* _Problem_: From the listing below, output the lines between the one with "Dintre aceste state, unele" and the one with "Vice President-elect Mike", including those two, and nothing else. Pictures are not copied.

* _Given data_:
►
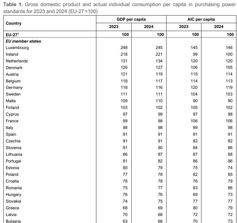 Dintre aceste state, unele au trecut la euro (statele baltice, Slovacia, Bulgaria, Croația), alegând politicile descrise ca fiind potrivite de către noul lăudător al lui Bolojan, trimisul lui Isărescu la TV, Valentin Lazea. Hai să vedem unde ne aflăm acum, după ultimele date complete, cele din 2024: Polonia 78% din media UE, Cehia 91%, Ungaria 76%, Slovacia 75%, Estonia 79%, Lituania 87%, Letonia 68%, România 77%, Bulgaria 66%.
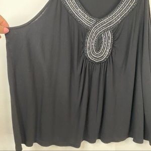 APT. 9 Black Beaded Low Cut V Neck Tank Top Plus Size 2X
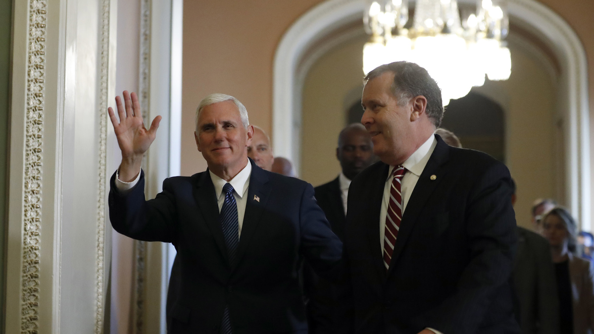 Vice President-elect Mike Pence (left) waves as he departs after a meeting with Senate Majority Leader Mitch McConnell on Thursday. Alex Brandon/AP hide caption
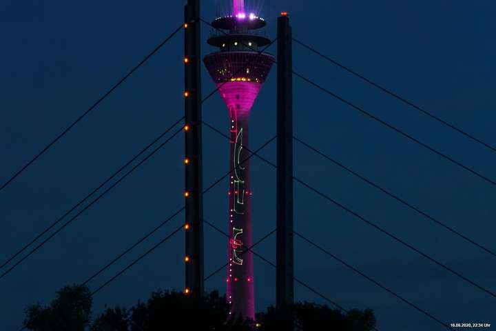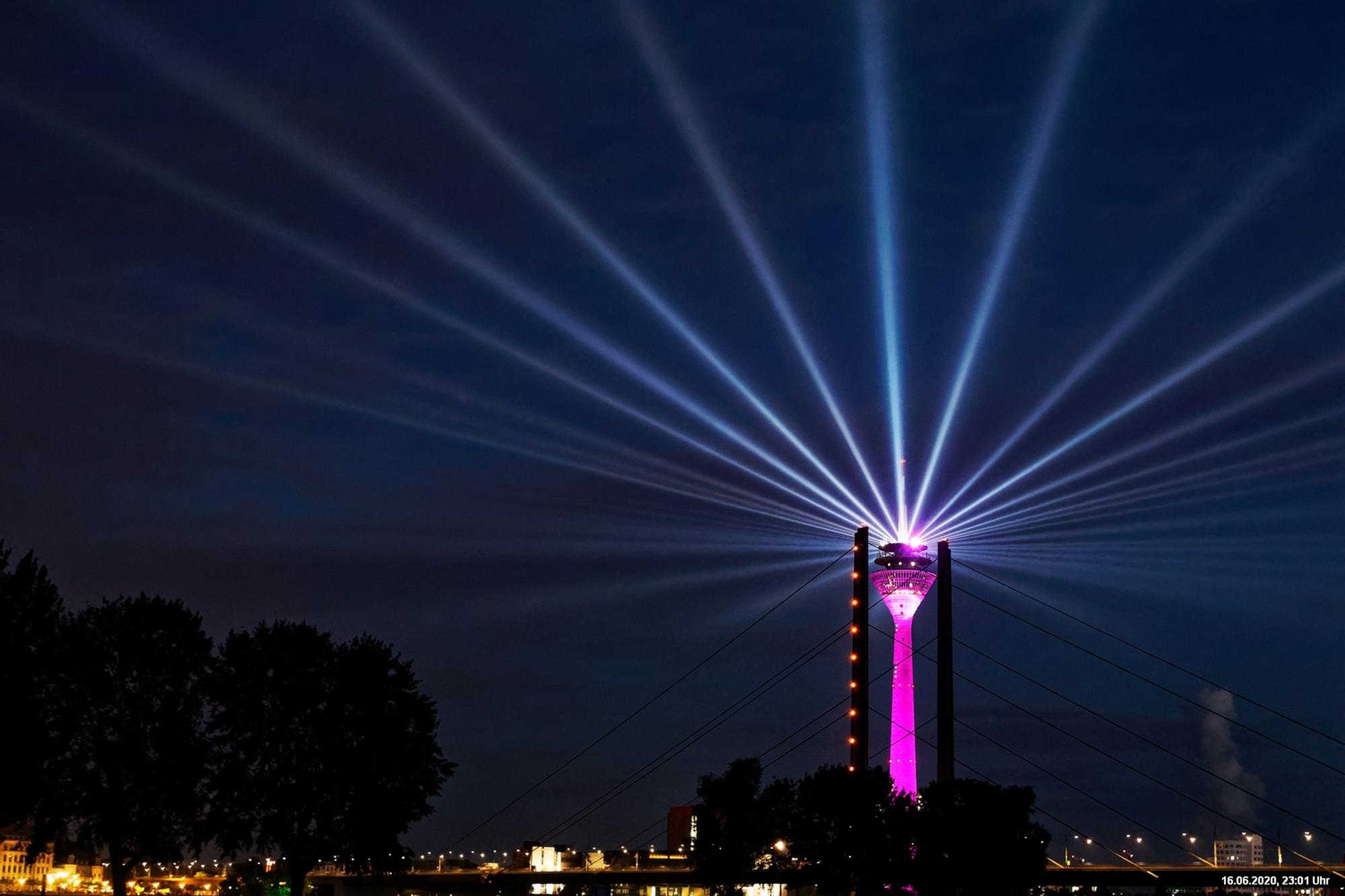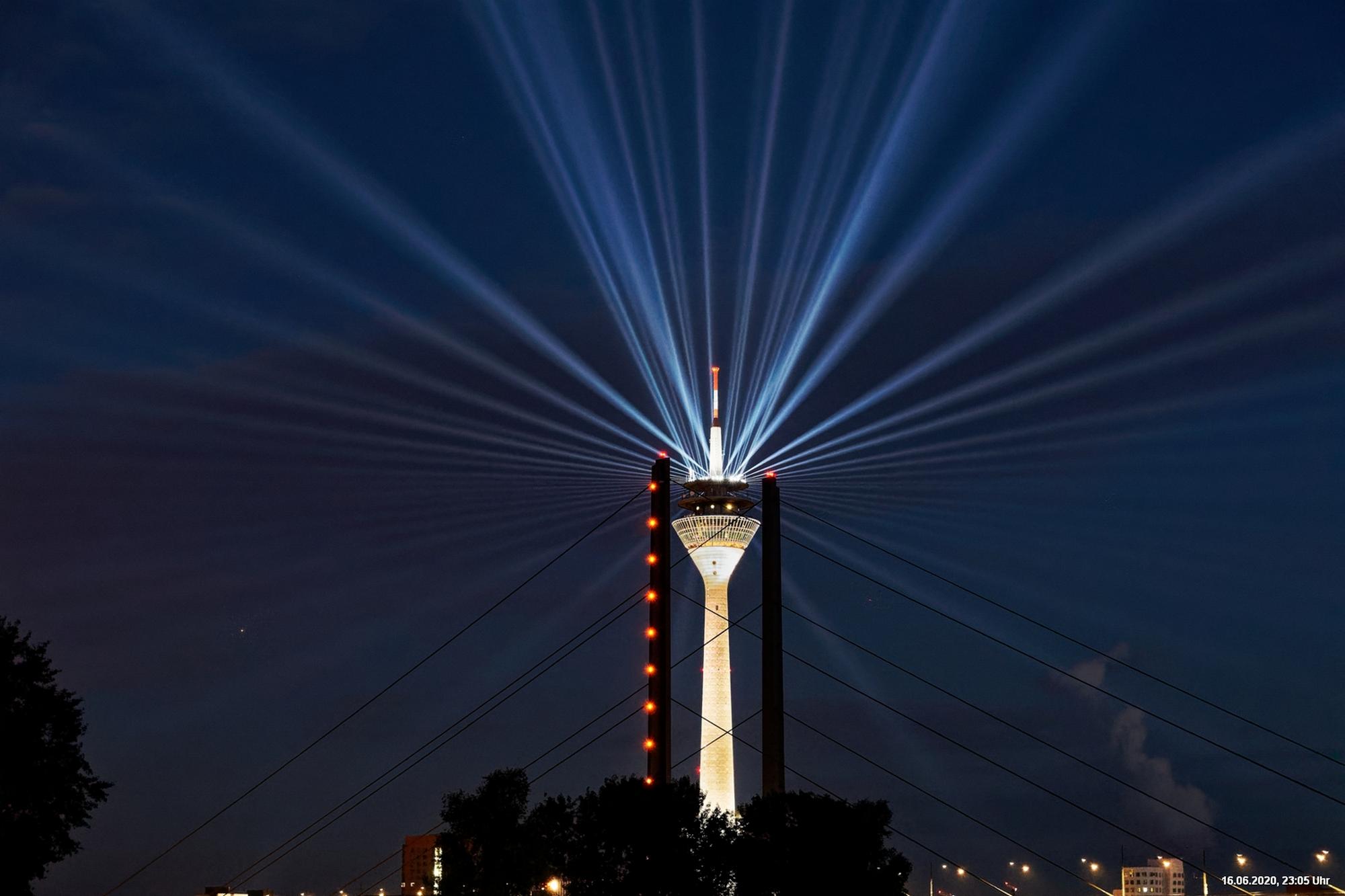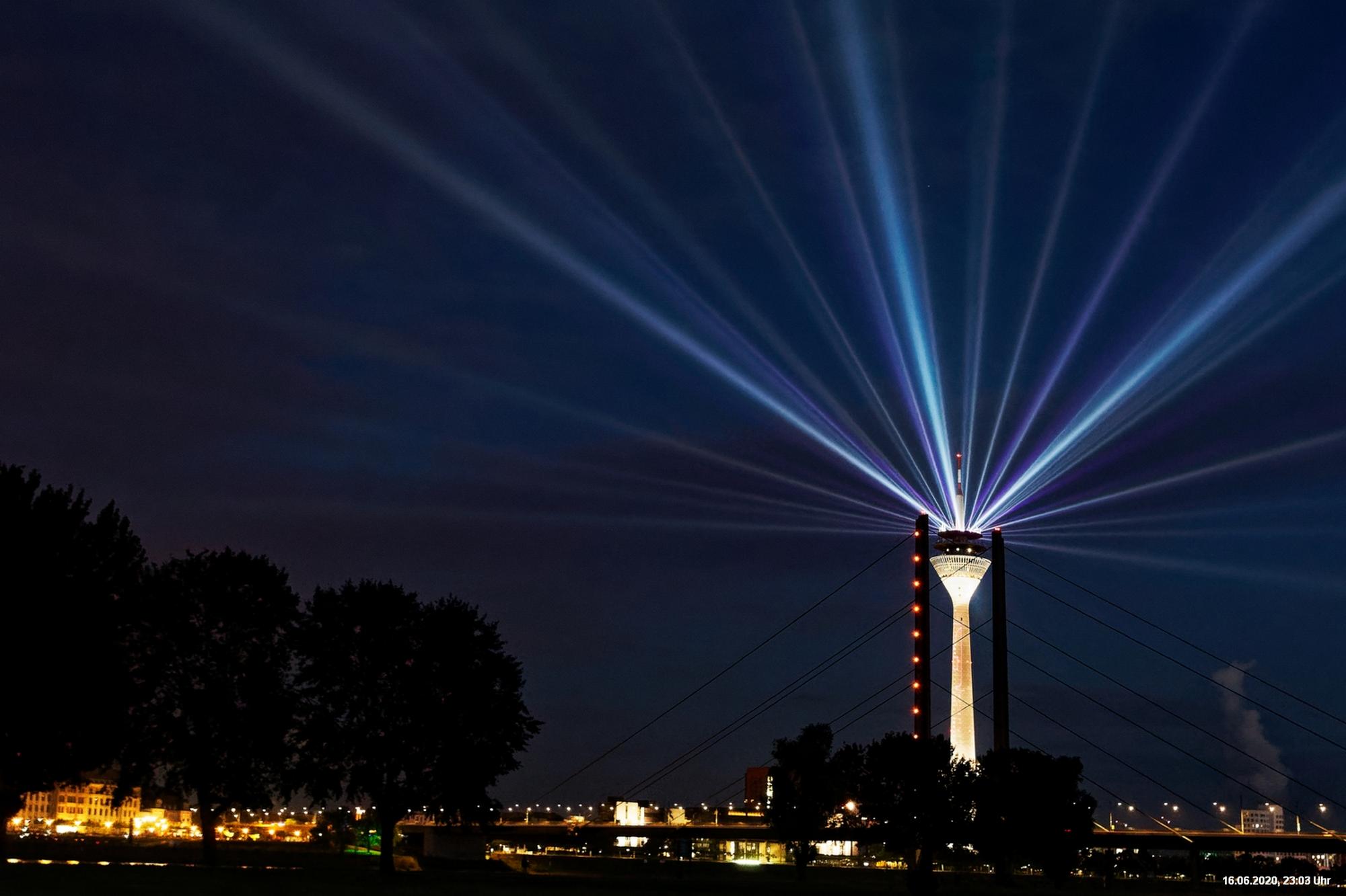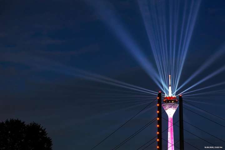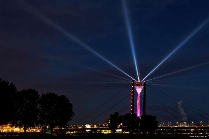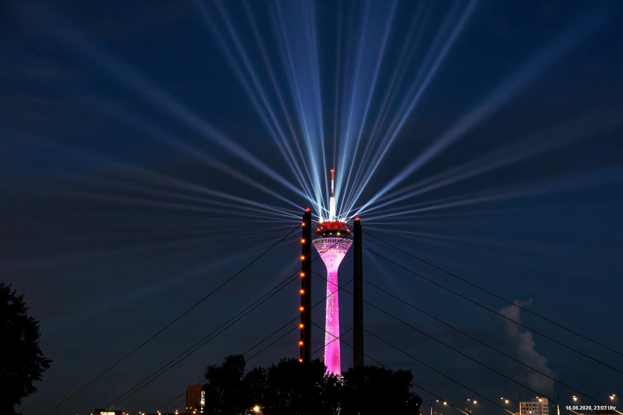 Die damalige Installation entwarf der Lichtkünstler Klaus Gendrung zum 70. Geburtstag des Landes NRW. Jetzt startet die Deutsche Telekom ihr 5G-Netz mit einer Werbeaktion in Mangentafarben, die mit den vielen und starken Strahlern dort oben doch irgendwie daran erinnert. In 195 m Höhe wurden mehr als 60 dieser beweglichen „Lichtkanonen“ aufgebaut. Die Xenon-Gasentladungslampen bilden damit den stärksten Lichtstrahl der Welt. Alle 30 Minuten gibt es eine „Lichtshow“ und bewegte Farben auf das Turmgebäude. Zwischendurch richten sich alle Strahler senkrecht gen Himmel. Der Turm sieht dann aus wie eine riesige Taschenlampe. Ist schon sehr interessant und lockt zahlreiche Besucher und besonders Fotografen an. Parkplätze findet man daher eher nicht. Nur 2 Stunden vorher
◄
►
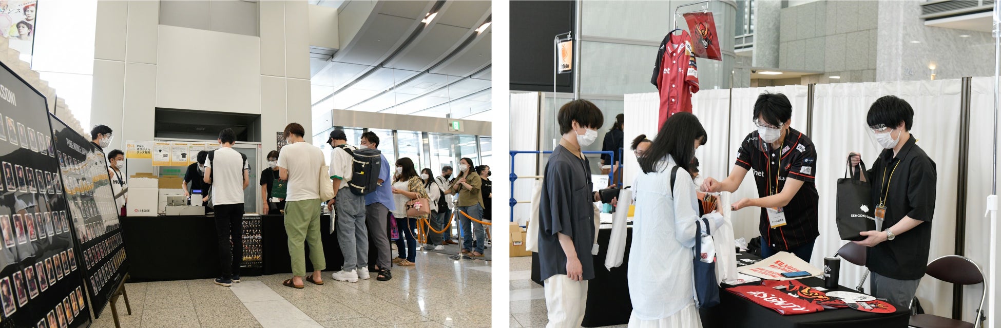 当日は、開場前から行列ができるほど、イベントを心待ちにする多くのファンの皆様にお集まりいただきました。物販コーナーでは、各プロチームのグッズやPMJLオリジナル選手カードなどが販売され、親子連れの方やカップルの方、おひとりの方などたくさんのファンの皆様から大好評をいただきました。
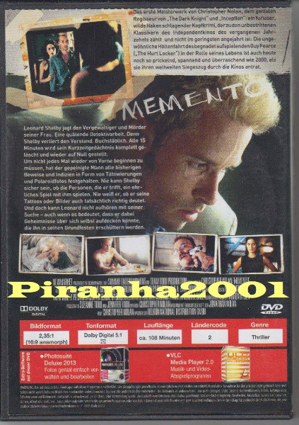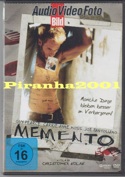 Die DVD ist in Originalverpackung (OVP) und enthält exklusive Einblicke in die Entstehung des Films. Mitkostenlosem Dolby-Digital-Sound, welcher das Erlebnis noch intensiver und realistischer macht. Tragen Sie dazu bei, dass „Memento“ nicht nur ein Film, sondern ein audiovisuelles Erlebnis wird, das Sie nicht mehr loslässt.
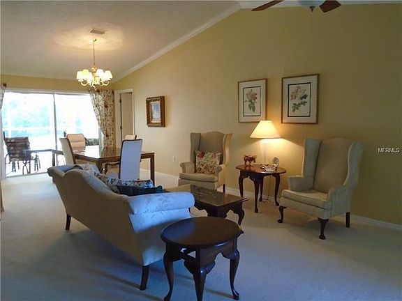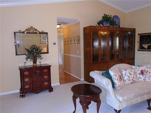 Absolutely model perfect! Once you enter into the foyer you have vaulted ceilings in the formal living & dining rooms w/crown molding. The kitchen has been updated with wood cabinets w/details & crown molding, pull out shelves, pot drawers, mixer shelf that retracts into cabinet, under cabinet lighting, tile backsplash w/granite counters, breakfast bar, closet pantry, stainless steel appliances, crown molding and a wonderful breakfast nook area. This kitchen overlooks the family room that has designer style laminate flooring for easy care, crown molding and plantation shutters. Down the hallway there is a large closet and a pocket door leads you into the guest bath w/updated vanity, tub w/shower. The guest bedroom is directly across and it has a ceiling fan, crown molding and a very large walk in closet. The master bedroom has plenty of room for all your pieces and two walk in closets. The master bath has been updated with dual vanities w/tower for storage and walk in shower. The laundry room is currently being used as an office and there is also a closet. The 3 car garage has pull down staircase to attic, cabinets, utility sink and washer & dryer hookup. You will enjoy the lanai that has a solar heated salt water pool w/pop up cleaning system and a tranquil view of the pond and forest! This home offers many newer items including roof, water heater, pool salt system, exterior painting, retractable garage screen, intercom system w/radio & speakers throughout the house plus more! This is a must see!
◄
* _Response_:
 Dintre aceste state, unele au trecut la euro (statele baltice, Slovacia, Bulgaria, Croația), alegând politicile descrise ca fiind potrivite de către noul lăudător al lui Bolojan, trimisul lui Isărescu la TV, Valentin Lazea. Hai să vedem unde ne aflăm acum, după ultimele date complete, cele din 2024: Polonia 78% din media UE, Cehia 91%, Ungaria 76%, Slovacia 75%, Estonia 79%, Lituania 87%, Letonia 68%, România 77%, Bulgaria 66%.
 APT. 9 Black Beaded Low Cut V Neck Tank Top Plus Size 2X
 Vice President-elect Mike Pence (left) waves as he departs after a meeting with Senate Majority Leader Mitch McConnell on Thursday. Alex Brandon/AP hide caption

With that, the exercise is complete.